Miti: semplicemente «Michael»
«Jacko» tra dubbi e tradizione

Se quello che è arrivato nei negozi venerdì scorso fosse semplicemente il nuovo album di Michael Jackson, si sarebbe trattato, in ogni caso, di un evento: era assente da “Invincible” dell'ormai lontanissimo 2001

COMO Se quello che è arrivato nei negozi venerdì scorso fosse semplicemente il nuovo album di Michael Jackson si sarebbe trattato, in ogni caso, di un evento: era assente da “Invincible”, dell'ormai lontanissimo 2001. Avrebbe rilanciato la sua immagine con la lunga serie di concerti londinesi (che, sicuramente, avrebbero generato film, disco, di tutto di più) e poi avrebbe, finalmente, realizzato quello che aveva tutte le prospettive per essere l'album della maturità. Ma, ovviamente, quello che è arrivato nei negozi venerdì scorso non è semplicemente il nuovo album di Michael Jackson. I dischi normali, ad esempio, non sono accompagnati da una nota che garantisce l'autenticità dei brani con testimonianze di “sei dei produttori e tecnici del suono”, Greg Phillinganes “per 20 anni direttore musicale e pianista in molti dischi di Michael”, Dorian Holley “direttore delle voci di Michael”, tecnici del suono, produttori e musicisti, addirittura “due dei maggiori musicologi forensi” e “due personaggi di prim'ordine dell'industria discografica, che hanno avuto un ruolo determinante nella carriera di Michael”. Questo perché sono circolate illazioni (anche da parte di alcuni familiari) sull'autenticità di alcune registrazioni di “Michael”, questo il semplice titolo in contrasto con la complessa copertina, che incorona il compianto “king of pop” circondandolo di immagini che richiamano i vari periodi della sua carriera. Beh, ma alla fine com'è ‘sto disco? Intanto va subito detto che “funziona” proprio come disco in sé: dieci canzoni messe in sequenza con cura, una giusta alternanza di stili, forse senza un pezzo veramente memorabile o, forse, presto diventeranno tutti ugualmente memorabili nelle orecchie dei fan che sono i primi destinatari di questa operazione che sarà anche puramente commerciale ma è giustificata. Un po' di disappunto per l'iniziale “Hold my hand”: più che un duetto con Akon, come riportano le note, Jackson è un ospite di una canzone che somiglia non poco a “No woman no cry”.

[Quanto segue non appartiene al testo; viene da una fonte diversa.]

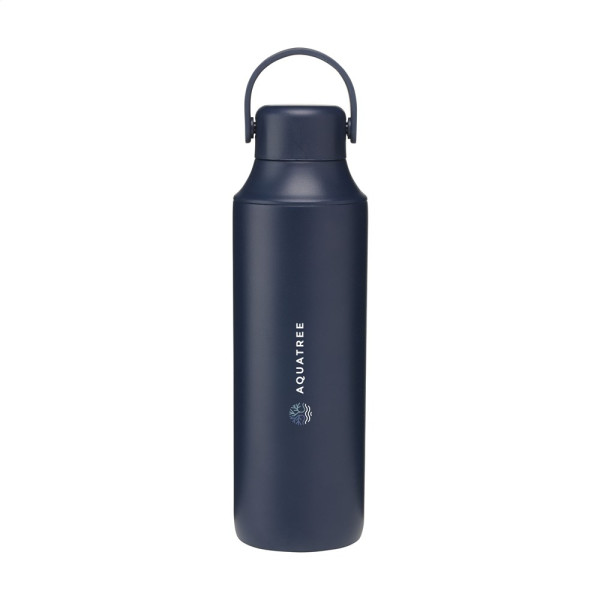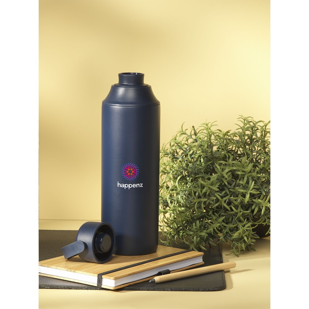 Double-walled thermos bottle made from recycled stainless steel. This leak proof bottle has a silicone carrying loop and 2 openings with a screw cap: a drinking opening and a generous opening for easy cleaning of the bottle or adding ice cubes. Fits most cup holders and is finished with a beautiful powder coating. Suitable for keeping hot or cold drinks at a consistent temperature. Not dishwasher-safe. RCS-certified. Total recycled material: 72%. Capacity 600 ml. Stainless steel can be recycled many times whilst retaining the quality of the material. By using recycled stainless steel, fewer new raw materials are needed. This means less energy consumption and less use of water. Packed individually.
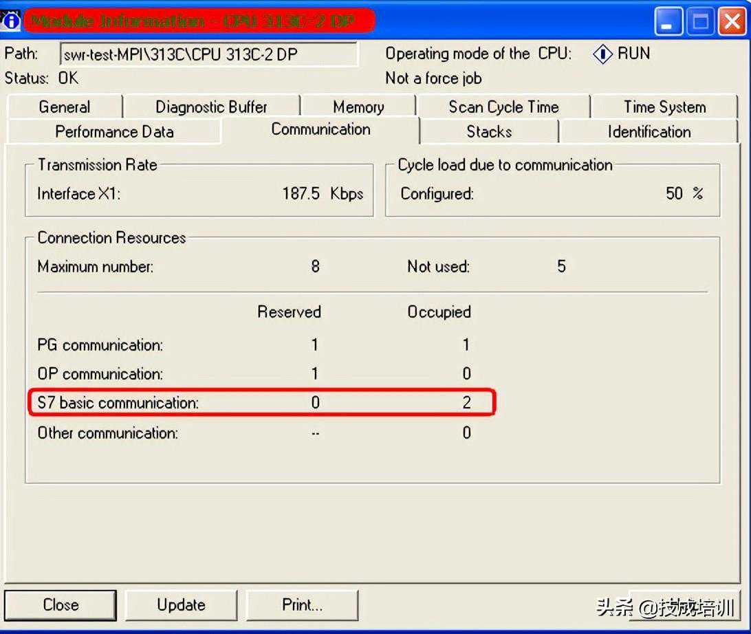 选择MPI同步时,冗余程序块调用SFC65“XSEND”和SFC66“XREV”进行数据同步,占用S7-300CPU的2个“S7基本通信”的连接资源,如图22所示。
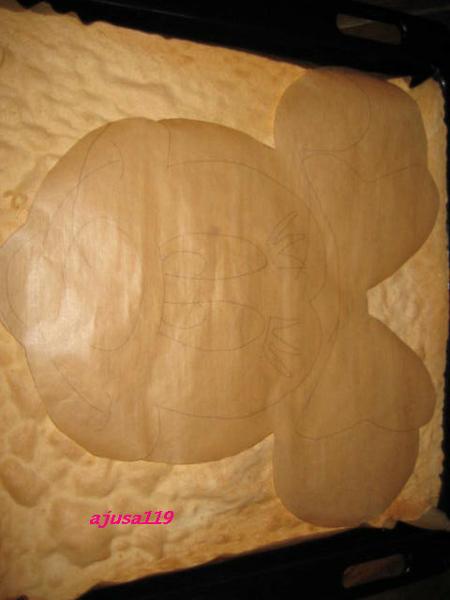 Dobre ranko nestiham vas citam mam stresy a dneska utekam na slovensko tak len narychlo vlozim moje dnesne to srdce ma stalo vela sedin.Podlozka bola obalena,ale mi netuhol jahodovy puding a tvarohovy krem mi to tam stieklo a roztopilo mi podlozku aj cez papier tak zisla dole a je hola neva je pre sefku a zase budem asi musiet na prachy cakat az vobec,ale ked ja sa s nou tak nerada debatujem ona je taka furia. Minnie mala byt cela postava, ale som odmietla koli druhej torte a slovensku
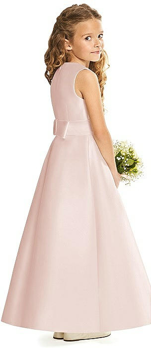 Faux Wrap Pleated Skirt Satin Twill Flower Girl Dress with Bow in blush
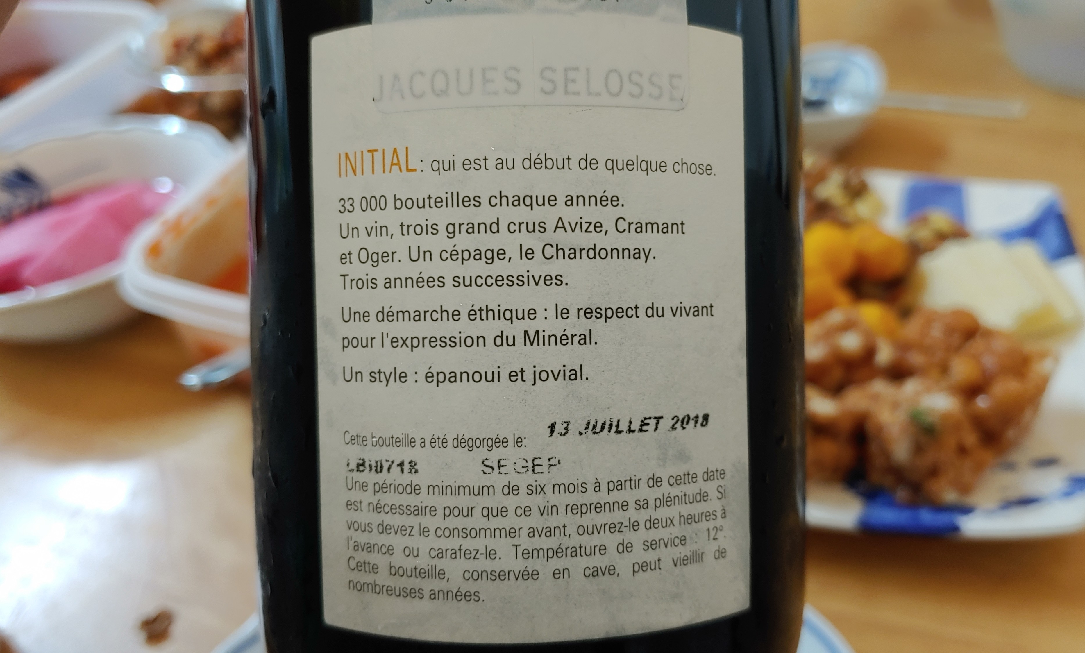 이니셜은 꼬뜨 데 블랑(Cote des Blancs)의 그랑 크뤼인 아비즈(Avize), 크라망(Cramant), 오제(Oger)에서 재배한 샤르도네로 양조한 자크 셀로스의 엔트리급 샴페인이다. 이어지는 3년 동안 수확한 포도로 만들며 연 33,000병 생산한다. 데고르주망 일자는 2018년 7월 13일로 최소 6개월 후에 음용할 것을 권장하고 있다. 만약 먼저 마셔야 한다면 2시간 전에 오픈하거나 디캔팅을 하란다. 미네랄이 도드라지는 힘차고 쾌활한 스타일이라고.
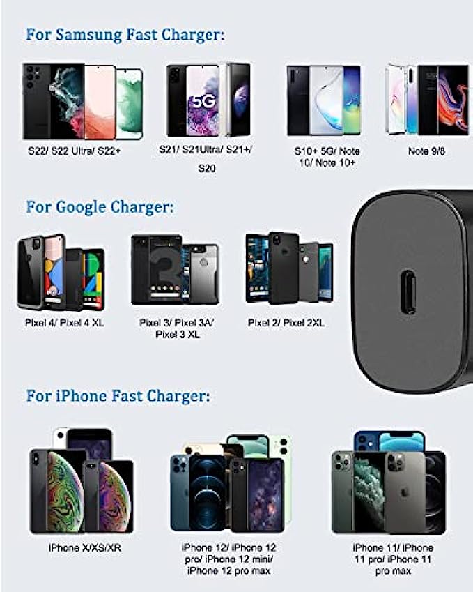 • Super Fast Charger Type C Universal : Optimized high-speed super fast charging Samsung Galaxy S22,S22Ultra,S22+,S21,S21+,S21Ultra,Z Fold 3 5G,Z Flip 3,Note 20,S10, S10+ Plus, S10 5G, S20, S9, S9+ Plus, S8, S8+ Plus / Active, Note 10,Note 10 plus, Google Pixel, Pixel 2, Pixel 3, Pixel XL, Pixel 2XL, Pixel 3XL, Pixel 4XL, Pixel 3A, LG G7 Thing, G8, G6, G5, Stylo 4, V20, V30, V35, V30S, V40 ThinQ Plus,2018 and up iPad Pro 12.9, 11 and More. (usb c charger, type c fast charger)

Se l'effetto “batteria umana” era stato canticchiato da Michael per dare un'idea di quello che sarebbe dovuto essere il ritmo, è stata un'ottima decisione conservarla e farne l'elemento caratterizzante di “Hollywood tonight”.  “Keep your head up” è una classica ballata con finalone corale. Chi ama Jackson avrà i brividi lungo la schiena ascoltando l'incipit di “(I like) The way you love me” con la voce - la sua voce - che spiega come deve essere il pezzo che, poi, è delizioso. Meno interessante “Monster”, con 50 Cent impegnato nell'inevitabile rap. Le note ci informano che “Best of joy” era una delle ultime cose a cui Jackson stava lavorando: orecchiabile, molto piacevole. “Breaking news”, autoronica, è quella che ha scatenato la “caccia all'imitatore”. Potrebbe essere un capitolo della saga personale iniziata con “Billie Jean”. Lenny Kravitz si è ritrovato in rete un abbozzo della sua “(I can't make it) Another day”, offerta all'amico ai tempi di “Invincible” e mai finita, e ha deciso di completarla (con Dave Grohl dei Foo Fighters). Un buon mix degli stili di entrambi. “Behind the mask” è un “furto autorizzato” a Sakamoto: a Jackson piaceva l'omonimo strumentale della Yellow Magic Orchestra e ha chiesto di poterlo completare con un suo testo: permesso accordato. Chiude la delicata e strappalacrime “Much too soon” che risale addirittura ai tempi di “Thriller”. Ecco, “Michael” non è bello né importante come quel capolavoro, forse non dovrebbe neppure esistere (su questo milioni di ammiratori si sono divisi) ma già che esiste è bello poter dire che non è spregevole, che non aggiunge nulla alla leggenda di Jackson ma, sicuramente, non la intacca.